Directions:
Transcribe each of the records below exactly, excluding all pictures.

Collection entries:
━━━━
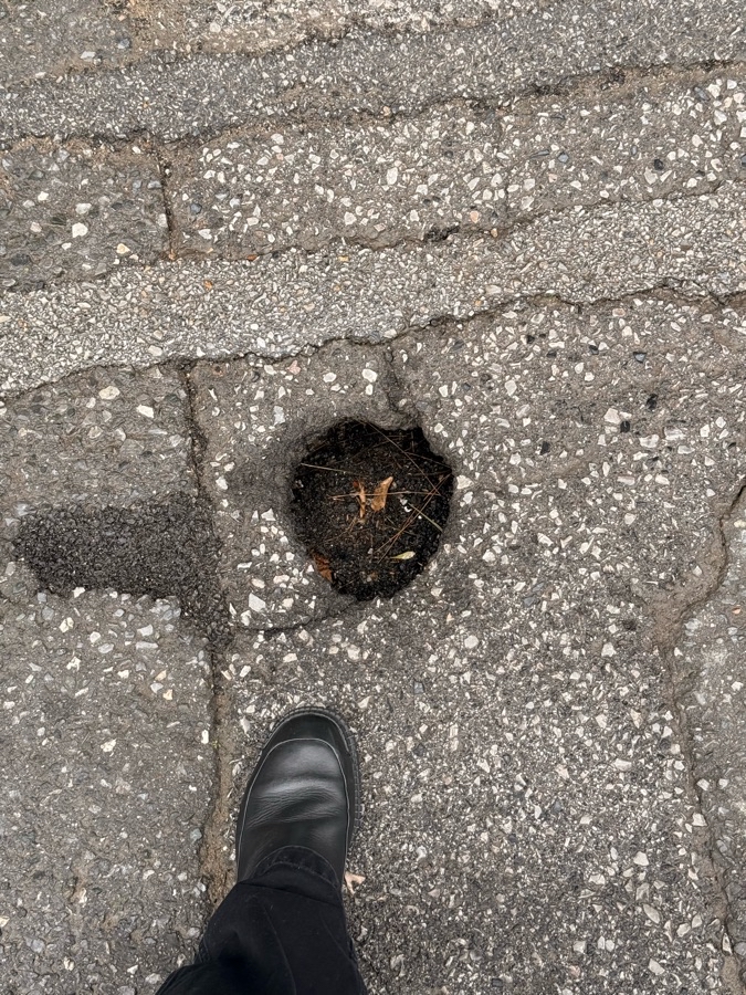 Εχει γίνει ξανά ανάρτηση με το πρόβλημα στην οδο τσελιου οπου η τρύπα ήταν μικρότερη . Ειναι κούφια απο κάτω και υπάρχει περίπτωση να υπάρξει ατύχημα σε περίπτωση μεγαλύτερου ανοίγματος
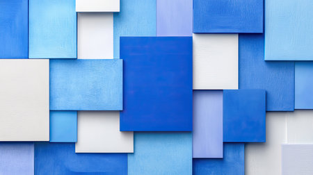 A vibrant abstract composition featuring blue and white canvases arranged in geometric patterns. Perfect for backgrounds in design or artistic projects.
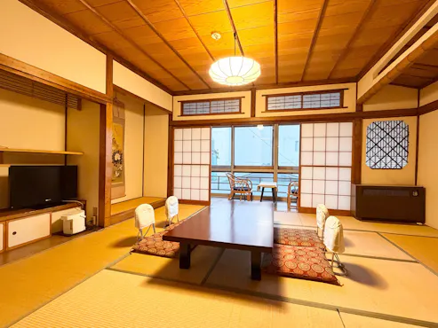 大正九年に建築された本館は、現在まで木肌のぬくもりをお客様にお伝えしようと、今日ではめずらしい総桧造りの四階建ての構えでお待ちしております。 「本館西棟」の各お部屋は書院造りを基本としながらも、お部屋ごとに意匠を凝らした趣きのある造りになっています。昔ながらの襖で仕切られた二間つづきの和室はどなた様にも懐かしく感じられることと思います。 対象的に「本館東棟」の各お部屋は平成二十二年にリニューアル致しました。 柱、天井、障子、欄間などを生かしつつ、モダンな雰囲気になっております。広々とした解放感と木のぬくもりが共存し、快適な滞在をお約束致します。
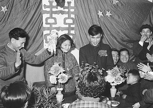 春节是结婚的好日子。这是1957年春节,辽宁省沈阳风动工具厂的工人鞠复海(新郎)和俞凤仙(新娘)在婚礼仪式上接受朋友们的祝贺。
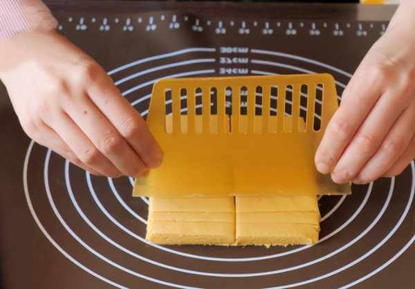 第三步,將面團放在案板上,用搟面杖搟成1厘米厚的長方形面片,邊緣處修整齊一些,用刮刀將面片切成條,粗細長短要一致,同時準備出適量的白芝麻;
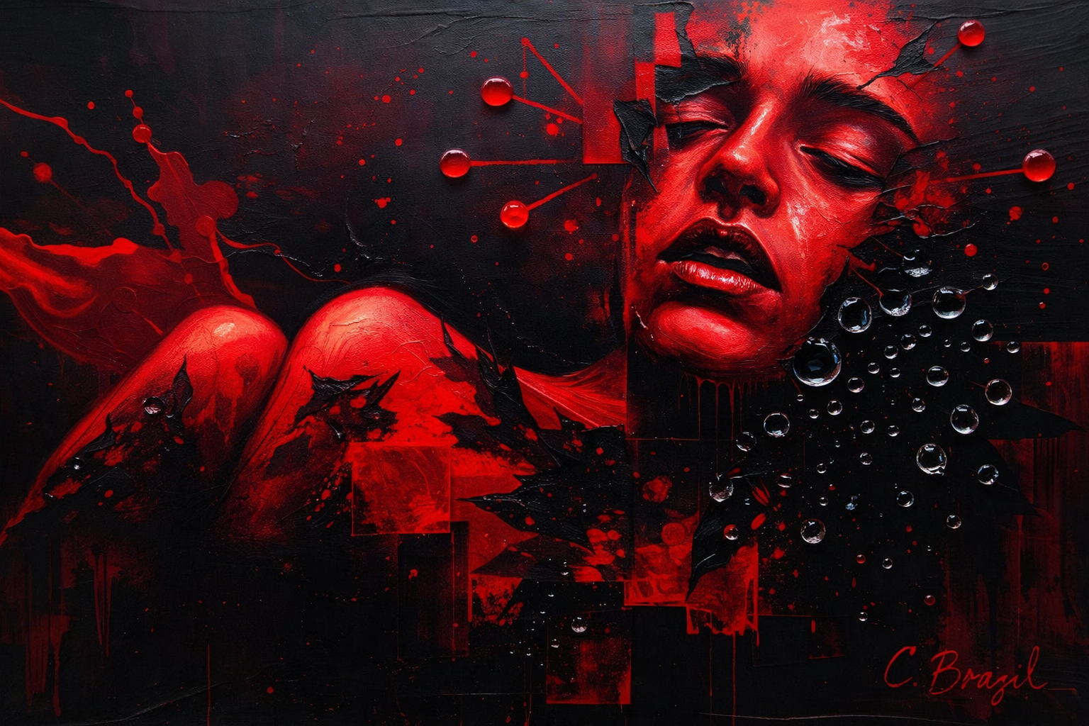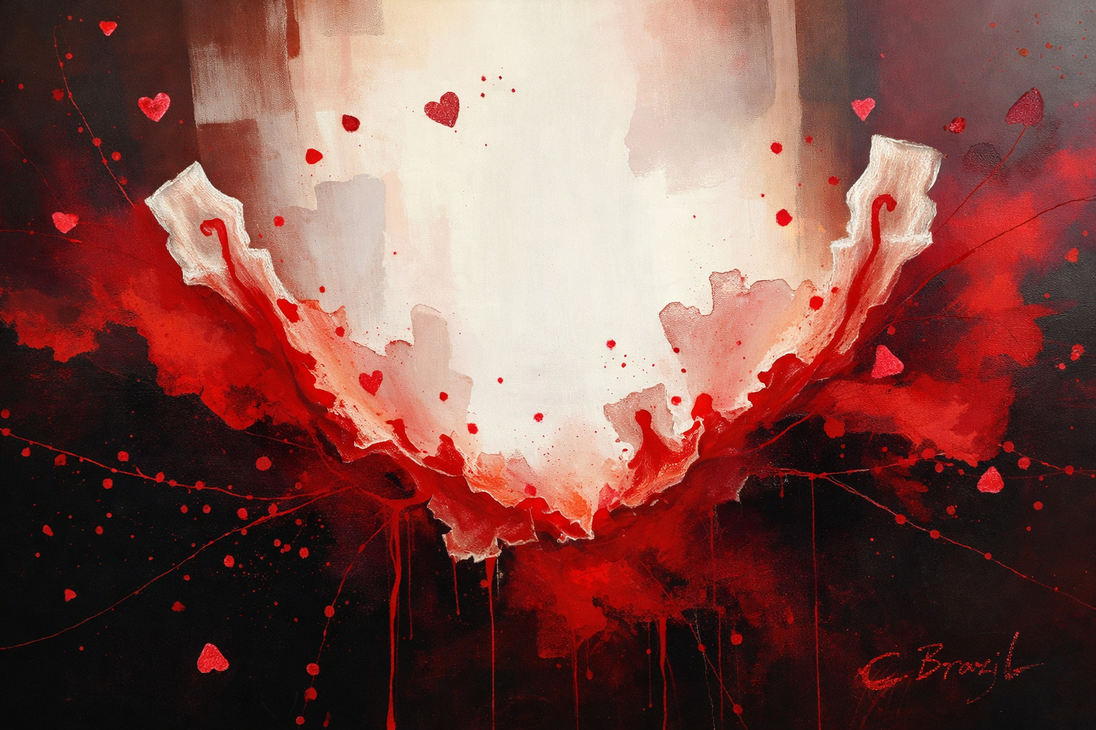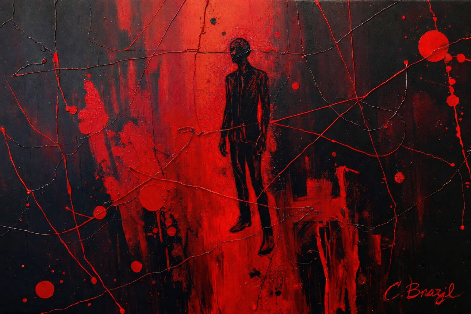 I use layered textures, fractured forms, restrained palettes, and symbolic tension to reflect how trauma reorganizes perception. Nothing here is accidental. Every rupture, every soft edge, every whether saturated or muted, carries meaning.
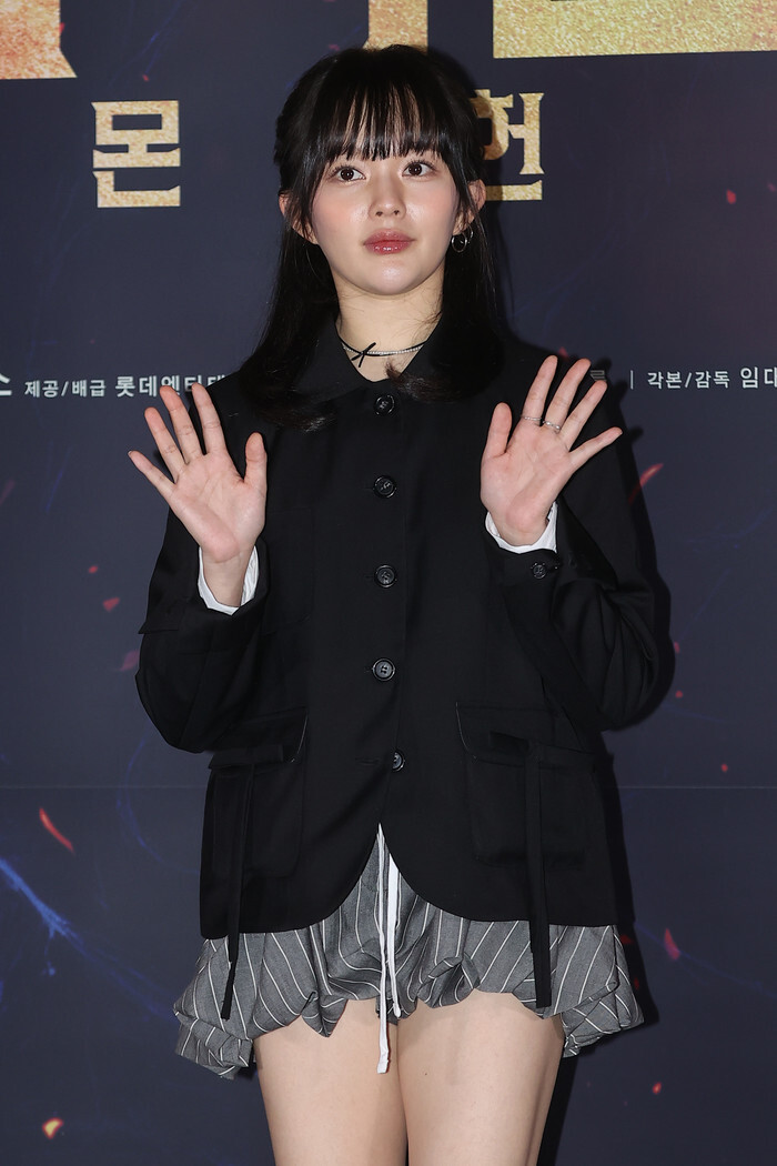 South Korean actress Jung Ji-so, who stars in the new movie "Holy Night: Demon Hunters," poses for a photo during a publicity event in Seoul on April 21, 2025, to promote the movie, set to hit local screens in South Korea on April 30. (Yonhap)
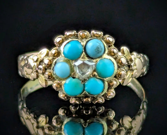 Antique Regency Turquoise and Diamond flower ring, 18ct gold
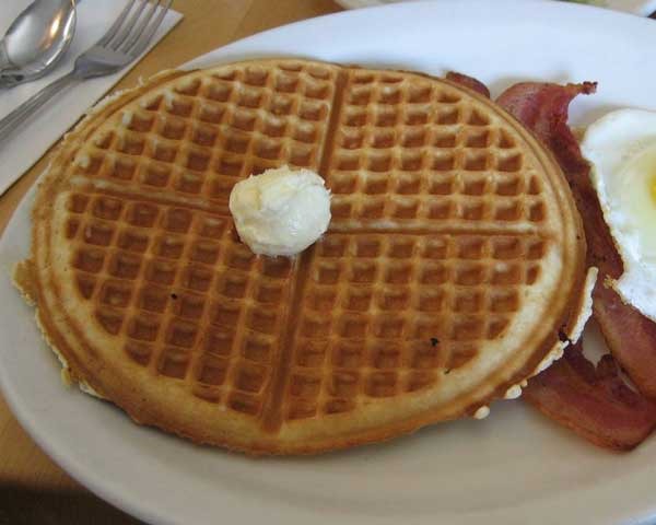 Today is International Waffle Day. Waffles seem special because they're not often made at home. Waffles are associated with restaurants, with the added touches of which add nice touches like whipped cream, fresh fruit, and real maple syrup, all of which are a lot of trouble in your own kitchen. Restaurants also keep their waffle irons on all the time. That gets around the First-Waffle Problem. For reasons nobody can understand, the first waffle you make is much worse than all the ones that come after.
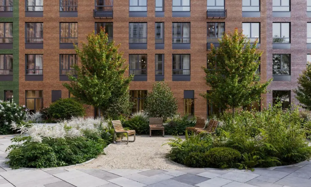 В отделке фасадов мы используем материалы природных оттенков: песочного, серого, зеленого, терракотового. Неоднородная текстура панелей выглядит естественно и благородно.Внутренний двор
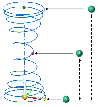 选择此选项可创建在整个轴长度内支持螺距和直径变化的螺旋曲线。定义这种类型的螺旋曲线时,使用的点可以在长度方面恒定或变化,并支持多次螺距和直径变化。
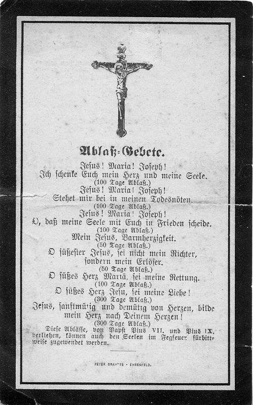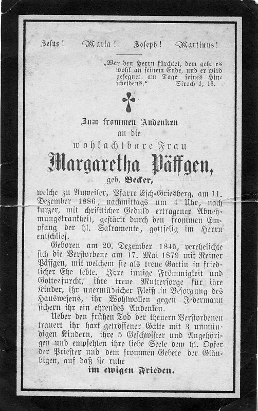 ∞ 17.5.1879 Reiner Päffgen; 3 überlebende unmündige Kinder |
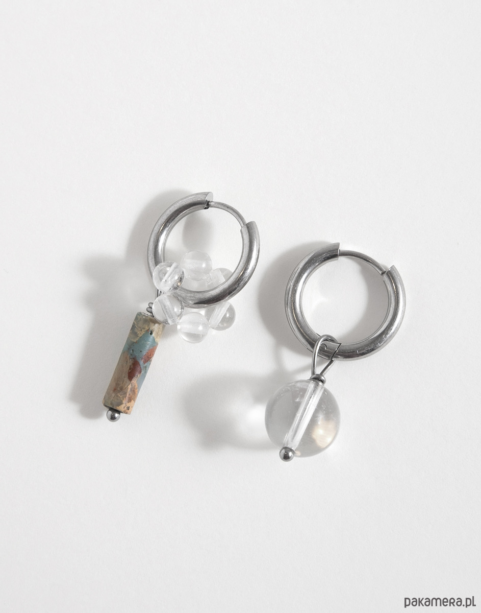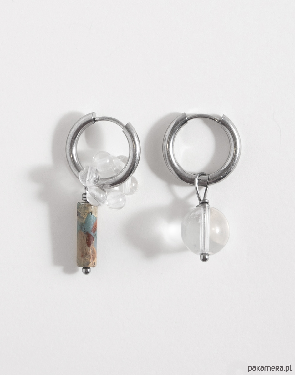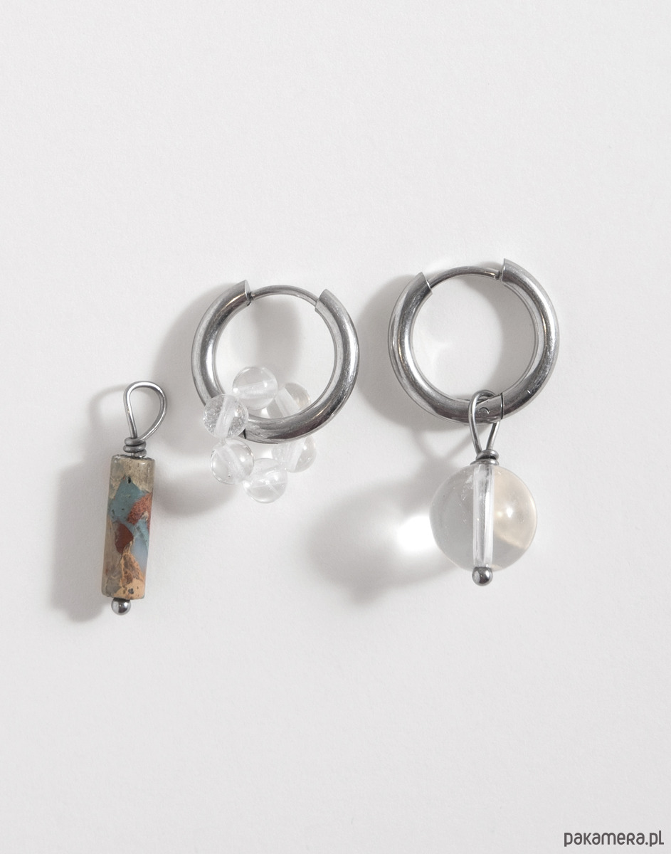 Kolczyki wykonano ze stali chirurgicznej. Zestaw zawiera trzy wymienne zawieszki: kwiatek z kryształu górskiego oraz zawieszki z jaspisu i kryształu górskiego. Zawieszki można nosić razem, pojedynczo lub całkowicie je odpiąć, pozostawiając same kolczyki. Świetnie sprawdzą się też jako element naszyjnika – można je dowolnie komponować w zależności od stylizacji.
━━━━
Result of the exercise:
 Εχει γίνει ξανά ανάρτηση με το πρόβλημα στην οδο τσελιου οπου η τρύπα ήταν μικρότερη . Ειναι κούφια απο κάτω και υπάρχει περίπτωση να υπάρξει ατύχημα σε περίπτωση μεγαλύτερου ανοίγματος
 A vibrant abstract composition featuring blue and white canvases arranged in geometric patterns. Perfect for backgrounds in design or artistic projects.
 大正九年に建築された本館は、現在まで木肌のぬくもりをお客様にお伝えしようと、今日ではめずらしい総桧造りの四階建ての構えでお待ちしております。 「本館西棟」の各お部屋は書院造りを基本としながらも、お部屋ごとに意匠を凝らした趣きのある造りになっています。昔ながらの襖で仕切られた二間つづきの和室はどなた様にも懐かしく感じられることと思います。 対象的に「本館東棟」の各お部屋は平成二十二年にリニューアル致しました。 柱、天井、障子、欄間などを生かしつつ、モダンな雰囲気になっております。広々とした解放感と木のぬくもりが共存し、快適な滞在をお約束致します。
 春节是结婚的好日子。这是1957年春节,辽宁省沈阳风动工具厂的工人鞠复海(新郎)和俞凤仙(新娘)在婚礼仪式上接受朋友们的祝贺。
 第三步,將面團放在案板上,用搟面杖搟成1厘米厚的長方形面片,邊緣處修整齊一些,用刮刀將面片切成條,粗細長短要一致,同時準備出適量的白芝麻;
 I use layered textures, fractured forms, restrained palettes, and symbolic tension to reflect how trauma reorganizes perception. Nothing here is accidental. Every rupture, every soft edge, every whether saturated or muted, carries meaning.
 South Korean actress Jung Ji-so, who stars in the new movie "Holy Night: Demon Hunters," poses for a photo during a publicity event in Seoul on April 21, 2025, to promote the movie, set to hit local screens in South Korea on April 30. (Yonhap)
 Antique Regency Turquoise and Diamond flower ring, 18ct gold
 Today is International Waffle Day. Waffles seem special because they're not often made at home. Waffles are associated with restaurants, with the added touches of which add nice touches like whipped cream, fresh fruit, and real maple syrup, all of which are a lot of trouble in your own kitchen. Restaurants also keep their waffle irons on all the time. That gets around the First-Waffle Problem. For reasons nobody can understand, the first waffle you make is much worse than all the ones that come after.
 В отделке фасадов мы используем материалы природных оттенков: песочного, серого, зеленого, терракотового. Неоднородная текстура панелей выглядит естественно и благородно.Внутренний двор
 选择此选项可创建在整个轴长度内支持螺距和直径变化的螺旋曲线。定义这种类型的螺旋曲线时,使用的点可以在长度方面恒定或变化,并支持多次螺距和直径变化。
 ∞ 17.5.1879 Reiner Päffgen; 3 überlebende unmündige Kinder |
 Kolczyki wykonano ze stali chirurgicznej. Zestaw zawiera trzy wymienne zawieszki: kwiatek z kryształu górskiego oraz zawieszki z jaspisu i kryształu górskiego. Zawieszki można nosić razem, pojedynczo lub całkowicie je odpiąć, pozostawiając same kolczyki. Świetnie sprawdzą się też jako element naszyjnika – można je dowolnie komponować w zależności od stylizacji.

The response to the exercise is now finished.